-- WHAT THE TASK REQUIRES --
Please print, exactly, only the lines in the entries below from the line that has "Unleash waves of" through the line that has "1199415. COLLAR PERLAS, cierre". Pictures don't go in.
§ §
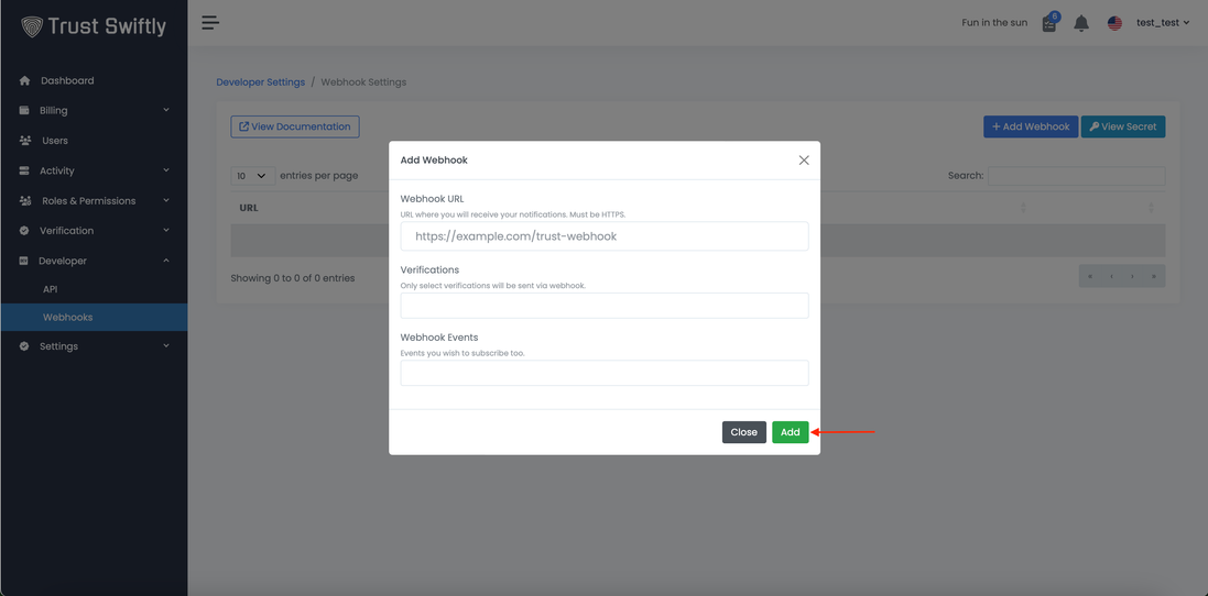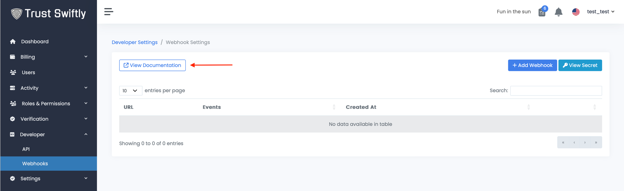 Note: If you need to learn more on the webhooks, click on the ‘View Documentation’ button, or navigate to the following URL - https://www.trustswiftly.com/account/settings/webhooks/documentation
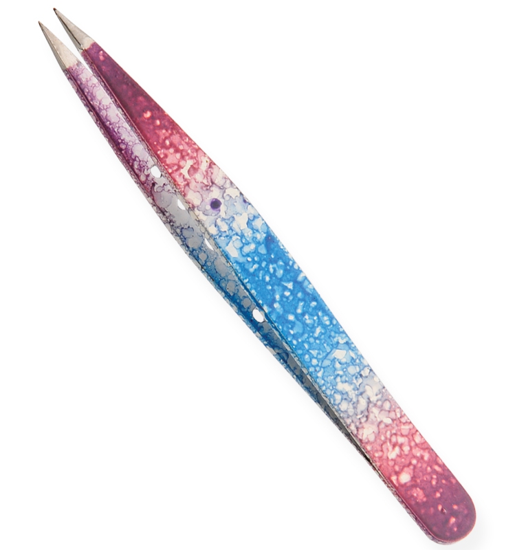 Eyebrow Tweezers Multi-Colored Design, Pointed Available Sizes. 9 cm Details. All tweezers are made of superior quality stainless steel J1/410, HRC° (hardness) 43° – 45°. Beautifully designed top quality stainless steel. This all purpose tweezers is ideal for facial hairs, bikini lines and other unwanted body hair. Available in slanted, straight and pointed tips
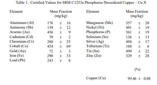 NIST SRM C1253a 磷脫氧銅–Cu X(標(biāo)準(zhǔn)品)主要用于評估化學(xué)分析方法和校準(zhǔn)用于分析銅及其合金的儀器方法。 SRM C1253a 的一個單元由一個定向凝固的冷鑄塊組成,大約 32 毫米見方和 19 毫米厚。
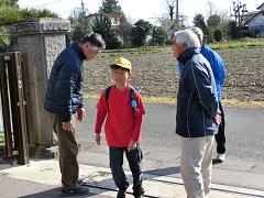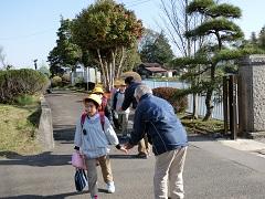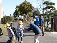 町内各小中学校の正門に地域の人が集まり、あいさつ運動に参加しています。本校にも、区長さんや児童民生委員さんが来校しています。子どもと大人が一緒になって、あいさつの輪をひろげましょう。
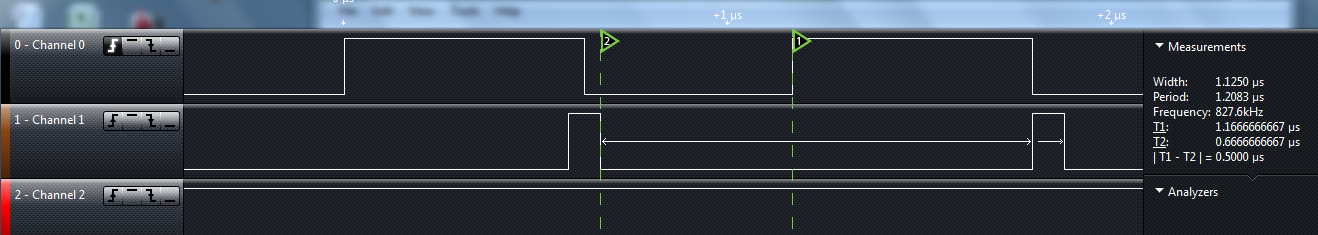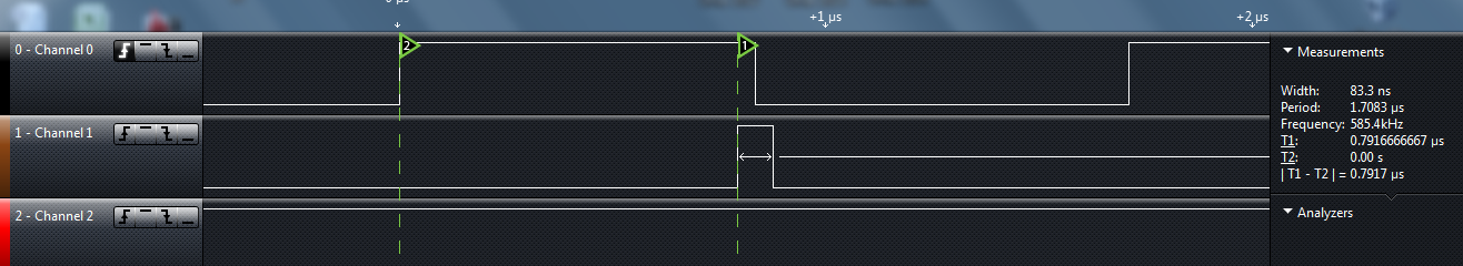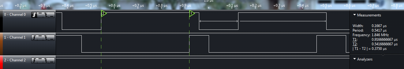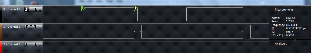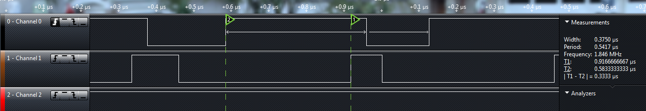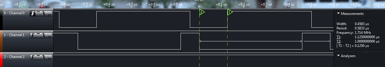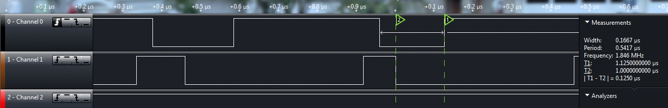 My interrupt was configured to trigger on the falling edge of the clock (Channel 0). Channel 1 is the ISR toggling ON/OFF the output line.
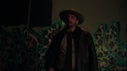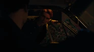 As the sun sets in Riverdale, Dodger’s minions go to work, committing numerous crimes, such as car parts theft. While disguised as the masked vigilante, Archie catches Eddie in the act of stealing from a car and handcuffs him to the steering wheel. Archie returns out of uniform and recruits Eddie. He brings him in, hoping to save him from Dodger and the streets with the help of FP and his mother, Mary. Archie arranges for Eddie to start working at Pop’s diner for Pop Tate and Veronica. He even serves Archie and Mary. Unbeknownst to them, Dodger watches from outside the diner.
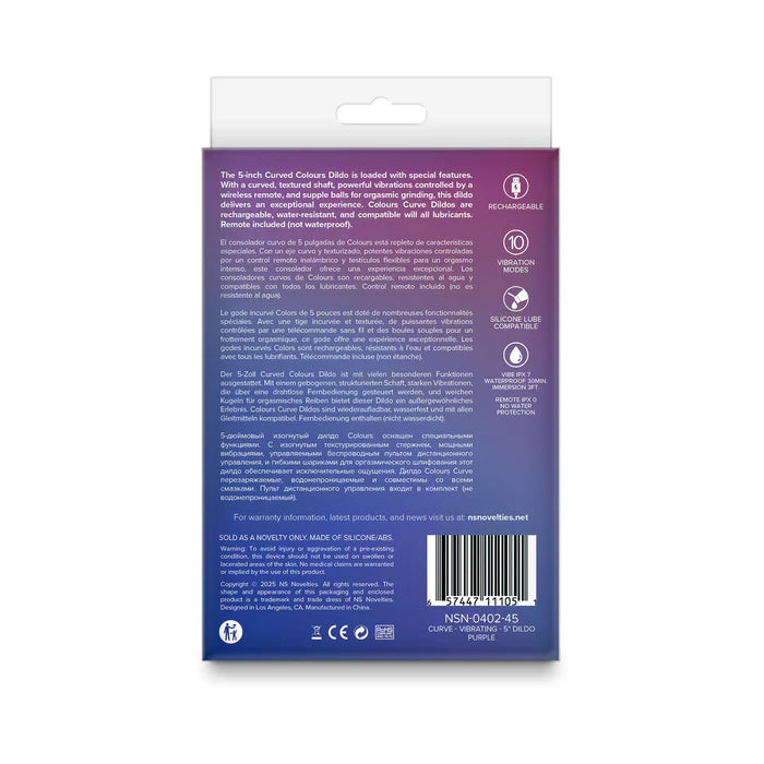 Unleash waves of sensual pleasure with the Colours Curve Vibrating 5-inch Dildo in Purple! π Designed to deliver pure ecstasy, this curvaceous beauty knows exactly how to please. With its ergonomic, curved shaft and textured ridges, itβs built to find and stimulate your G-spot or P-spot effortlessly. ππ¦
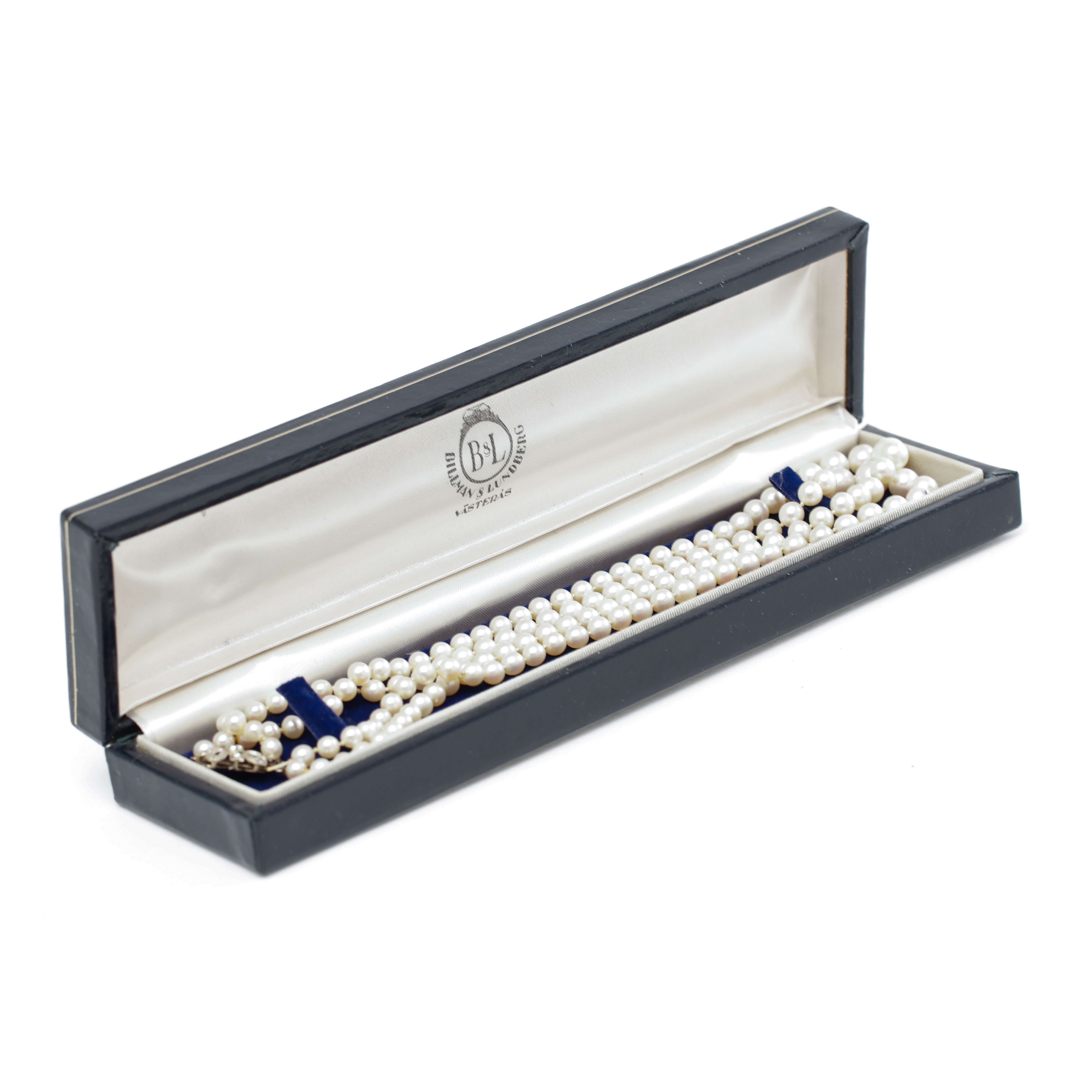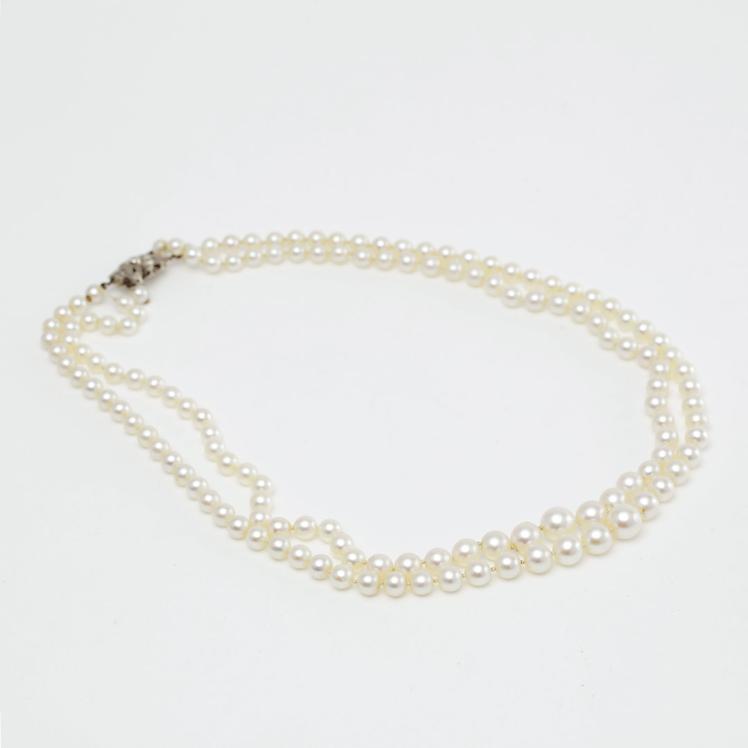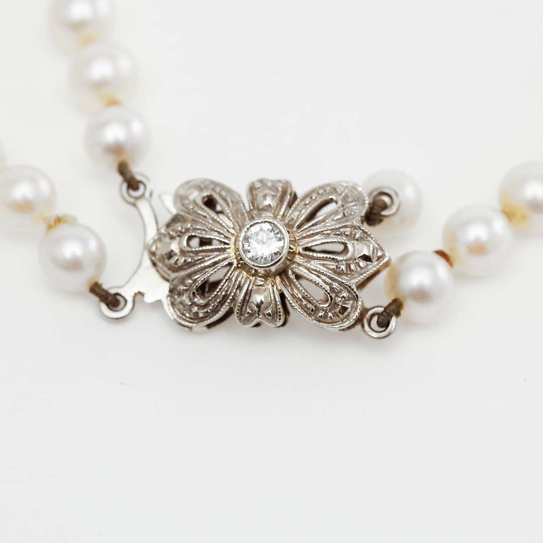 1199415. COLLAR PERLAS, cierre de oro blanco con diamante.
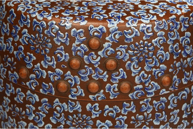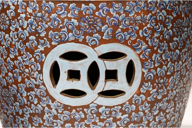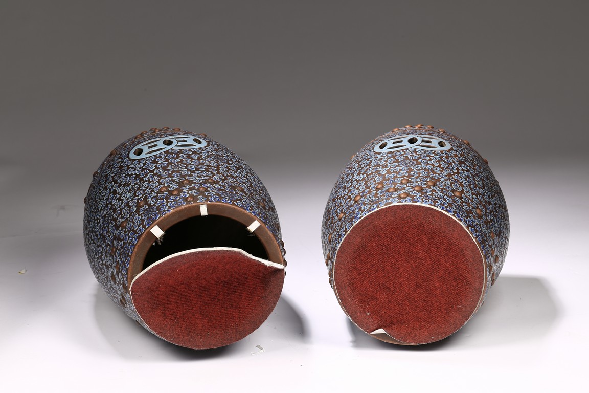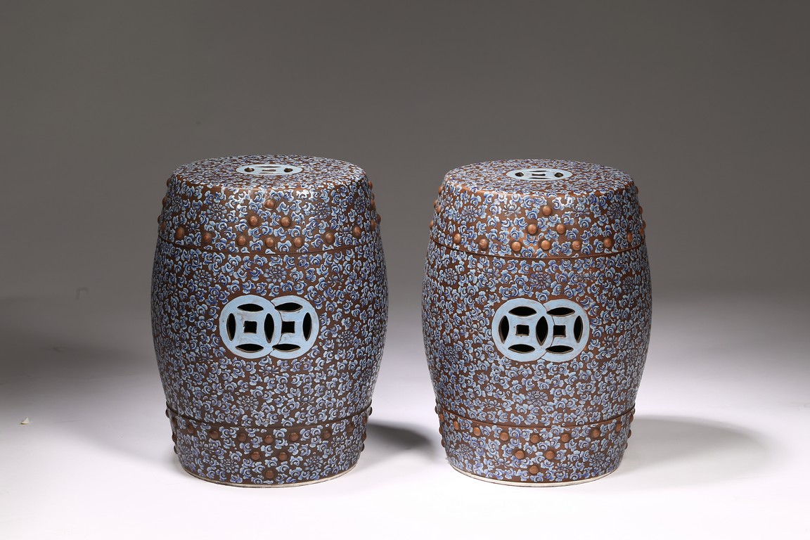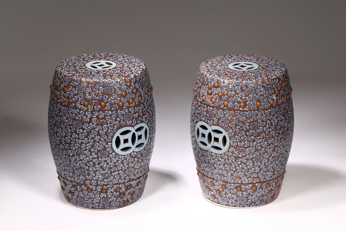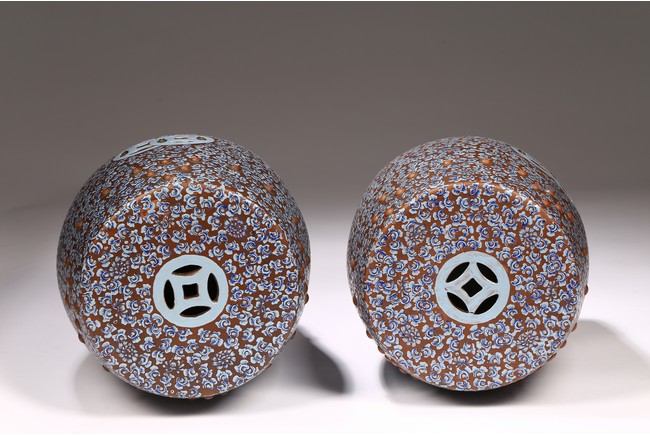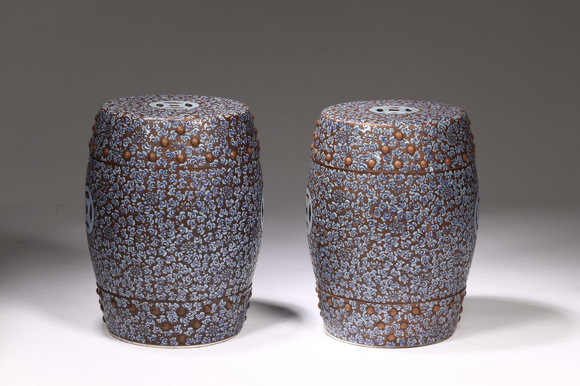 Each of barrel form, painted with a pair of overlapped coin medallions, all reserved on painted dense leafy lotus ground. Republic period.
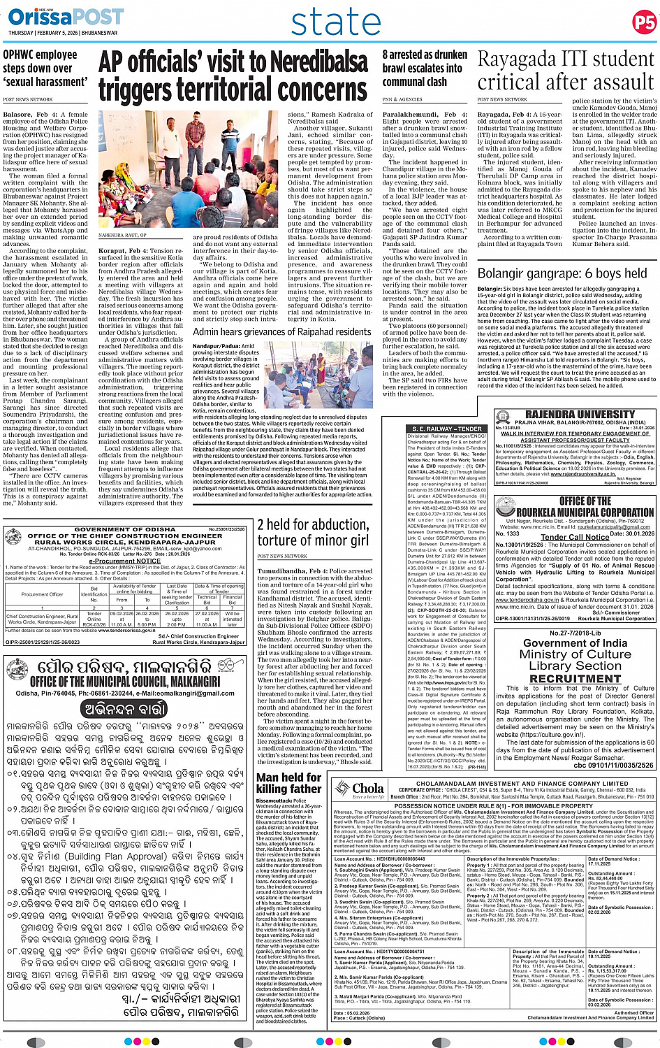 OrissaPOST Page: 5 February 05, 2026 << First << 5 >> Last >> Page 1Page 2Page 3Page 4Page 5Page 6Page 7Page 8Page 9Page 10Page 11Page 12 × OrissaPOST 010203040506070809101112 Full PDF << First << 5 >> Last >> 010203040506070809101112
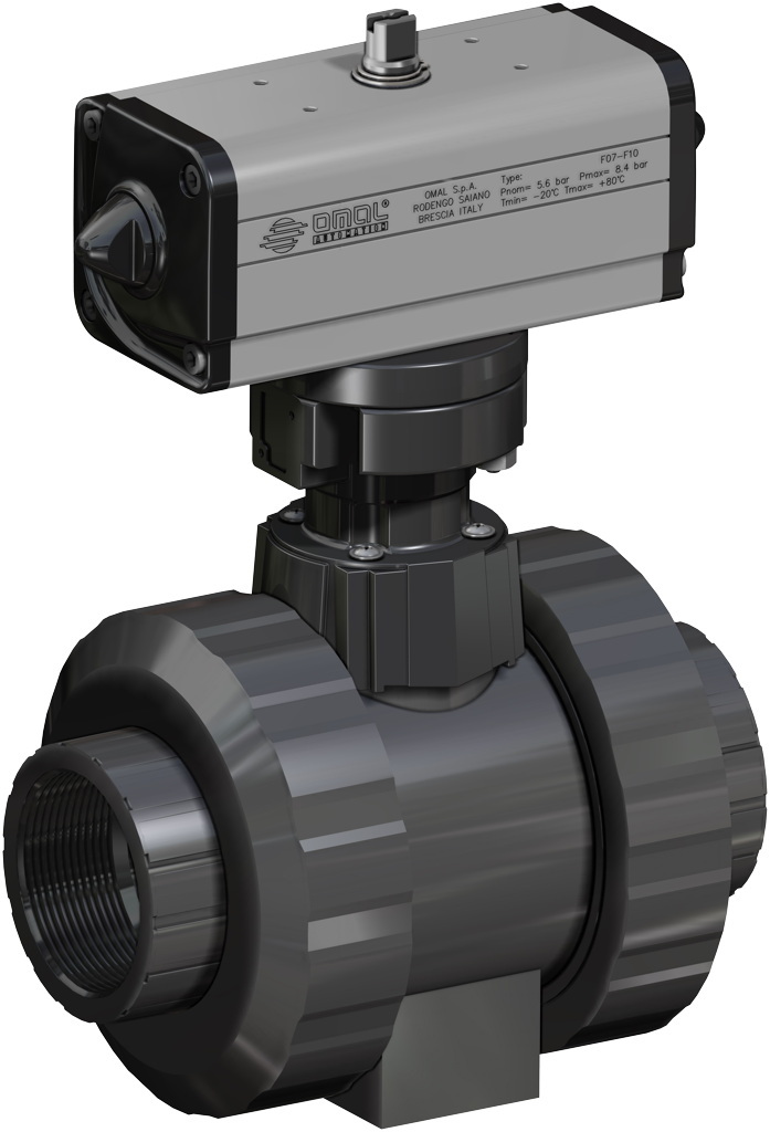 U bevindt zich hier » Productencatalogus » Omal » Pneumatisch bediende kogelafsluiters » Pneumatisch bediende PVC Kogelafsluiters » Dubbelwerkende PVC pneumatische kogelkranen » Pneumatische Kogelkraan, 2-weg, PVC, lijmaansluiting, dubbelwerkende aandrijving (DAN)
§ §
-- EXPECTED ANSWER --
 Unleash waves of sensual pleasure with the Colours Curve Vibrating 5-inch Dildo in Purple! π Designed to deliver pure ecstasy, this curvaceous beauty knows exactly how to please. With its ergonomic, curved shaft and textured ridges, itβs built to find and stimulate your G-spot or P-spot effortlessly. ππ¦
 1199415. COLLAR PERLAS, cierre de oro blanco con diamante.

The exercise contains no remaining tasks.